**Exercise aim**
Reproduce word for word the lines between the one containing "These earrings are" and the end of the entries below, both inclusive; leave out pictures.

******************************

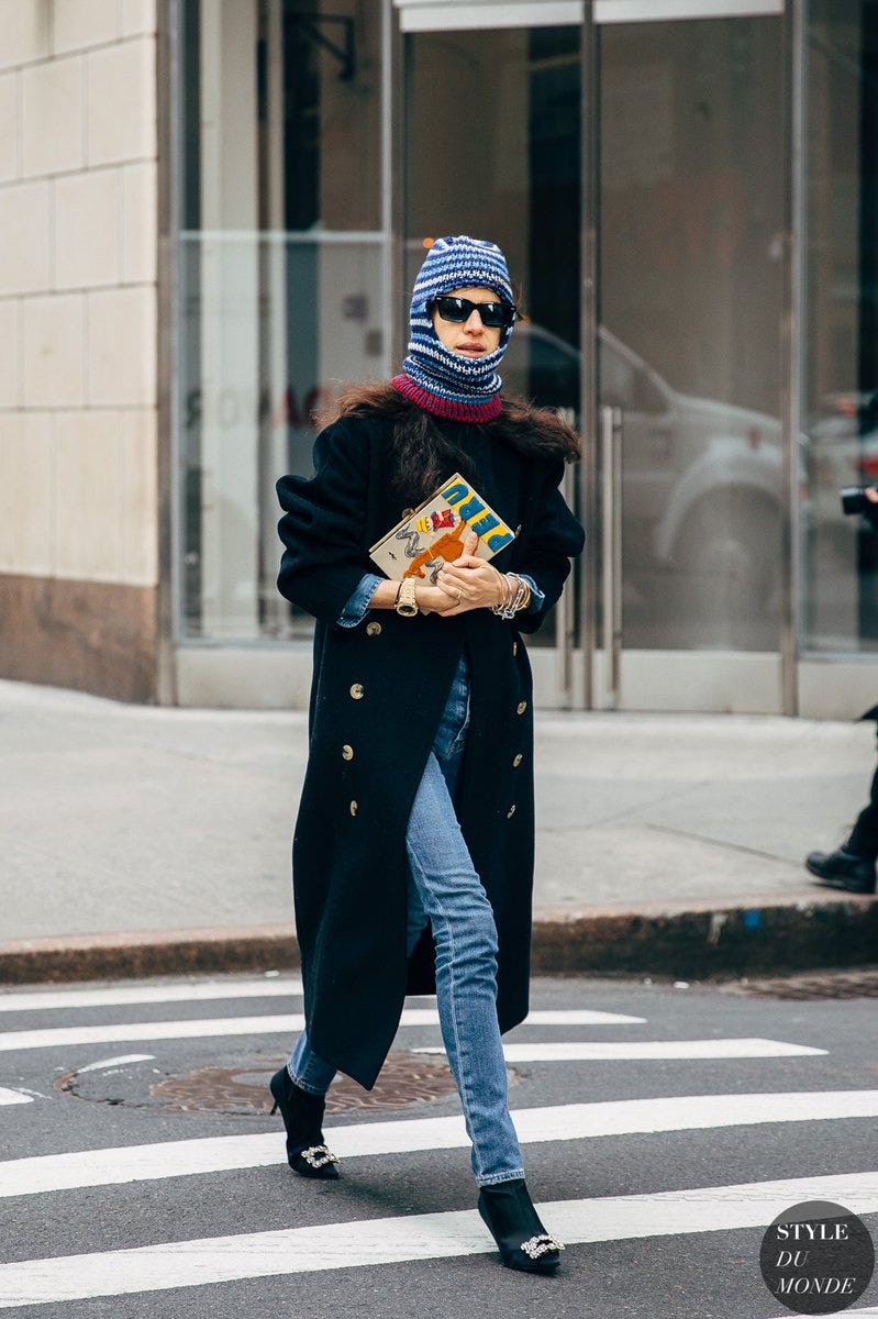 Length - Cropped coats rarely keep your ass warm although they do look better with wide leg pants, and make it easier to take giant leaps toward your dreams, or the grocery store — wtvr! But on balance I would say your best bet is like, 3-5 inches below the knee. Knee-length coats often read too perfect, like they’re just these eagerly lengthed garments that have never been late to a doctor appointment or run a single red light. But then, you know, if the length of the coat gets too long (stay 2-3 inches above your ankle), you end up feeling if not looking like a medieval sword carrier.
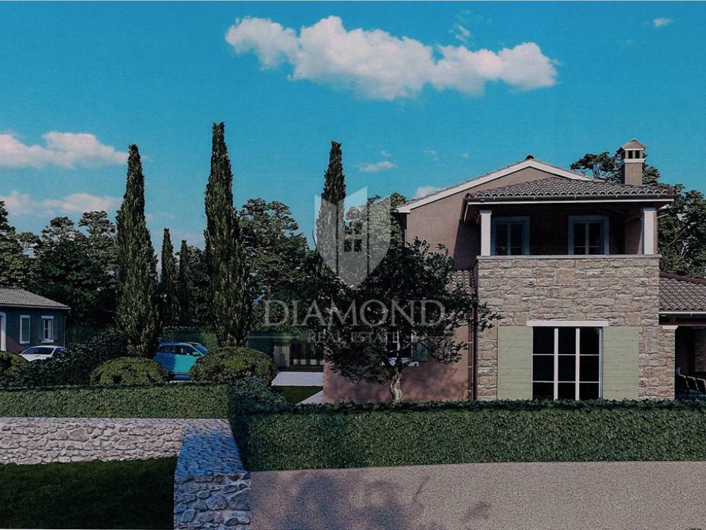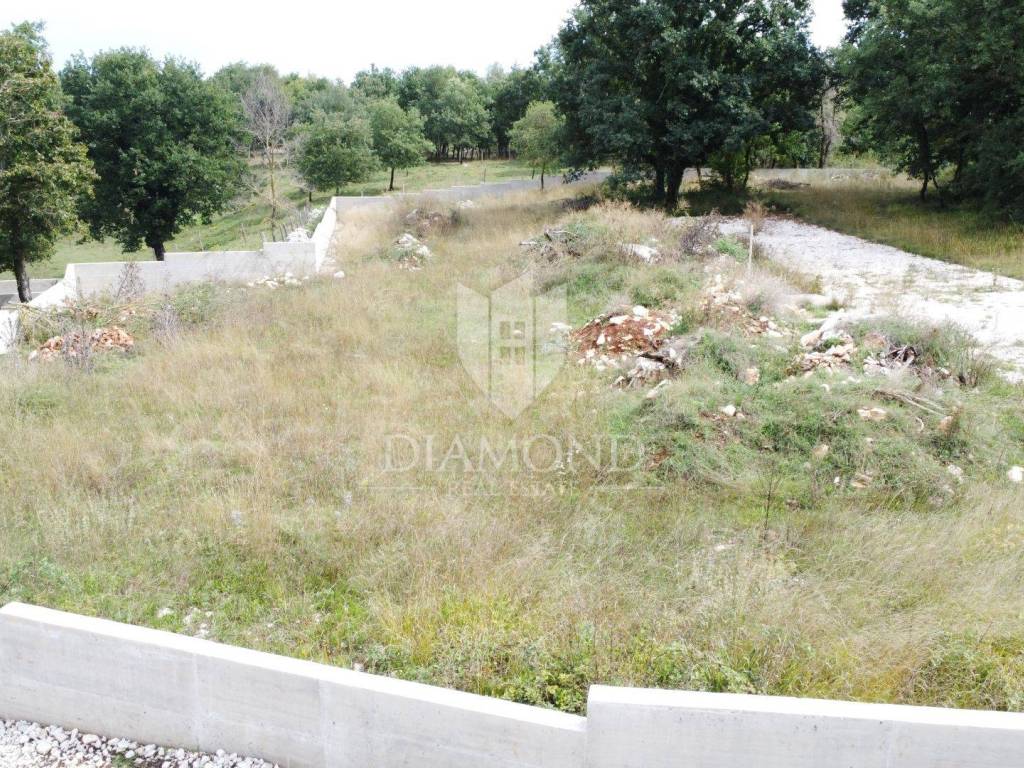 Nei dintorni di Sv. Lovreč, in una posizione tranquilla immersa nel verde, è in vendita un terreno di 841 m² con permesso di costruzione e progetto approvato per la realizzazione di una moderna villa con piscina.
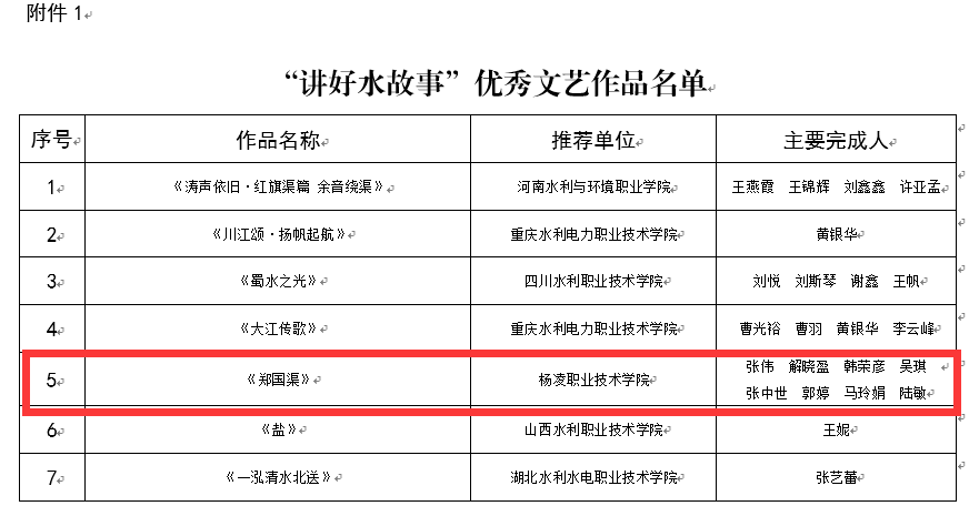 近日,中国水利教育协会公布了第四届水利职业院校水文化育人研讨会相关成果评选结果。由党委宣传部报送的《郑国渠》获“讲好水故事”优秀文艺作品;水利工程学院报送的《以水为基 以师为媒 以文为径——构建水文化思政育人的杨职模式》案例获水文化育人社会实践优秀典型案例。
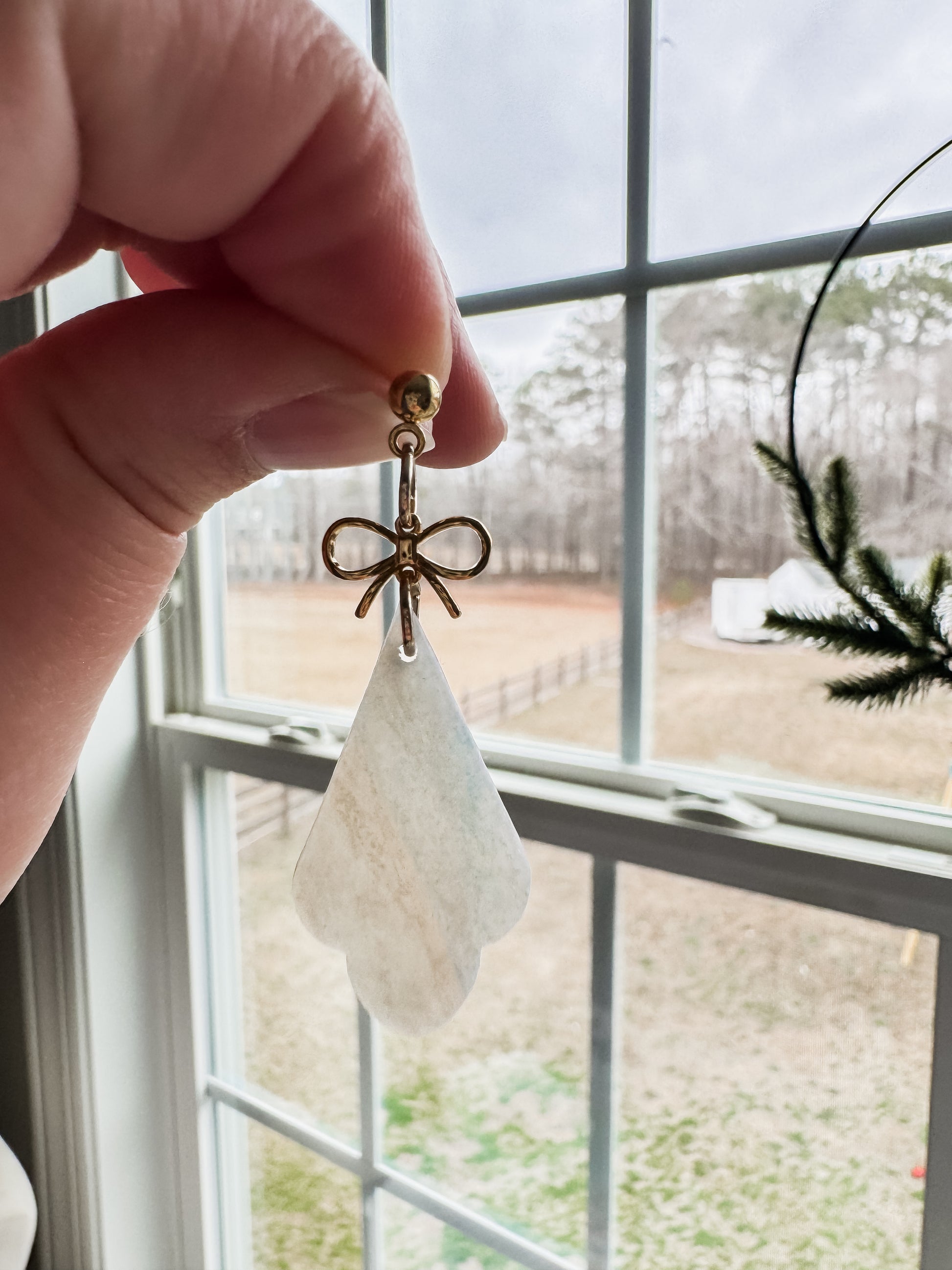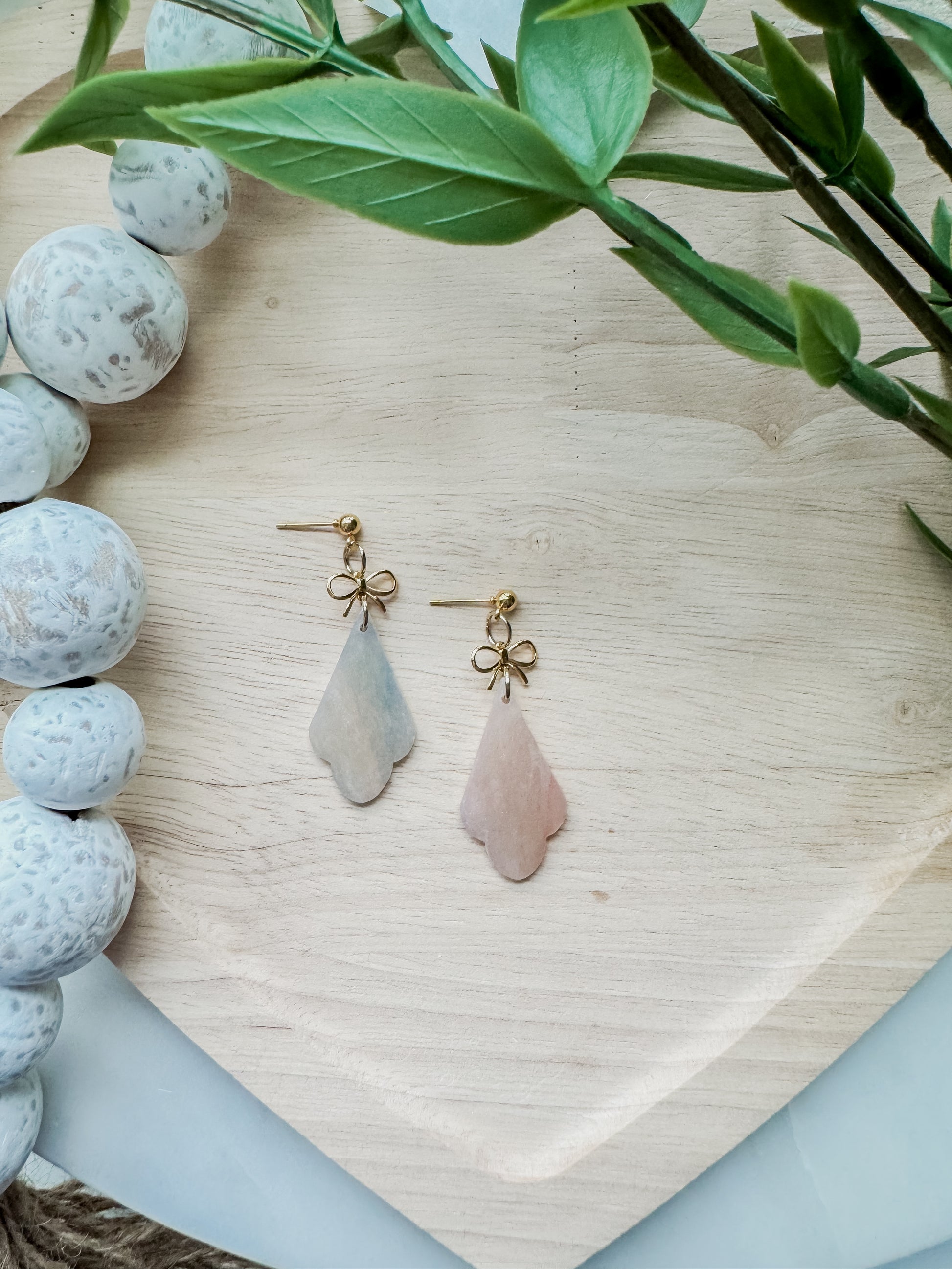 These earrings are perfect for spring and summer! They are translucent with pinks, gold, and touches of blue. These have a shiny finish. Since they are made of clay, they are nickel free and very lightweight!
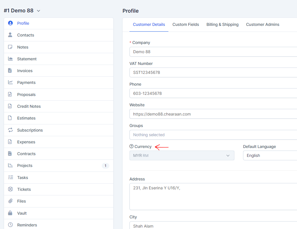 Note that if the customer have already recorded transactions you wont be able to change the currency. You need to delete all previous transactions to change the currency, once the transaction is recorded ability to change the customer currency will be disabled.

******************************

**Answer box**
 These earrings are perfect for spring and summer! They are translucent with pinks, gold, and touches of blue. These have a shiny finish. Since they are made of clay, they are nickel free and very lightweight!
 Note that if the customer have already recorded transactions you wont be able to change the currency. You need to delete all previous transactions to change the currency, once the transaction is recorded ability to change the customer currency will be disabled.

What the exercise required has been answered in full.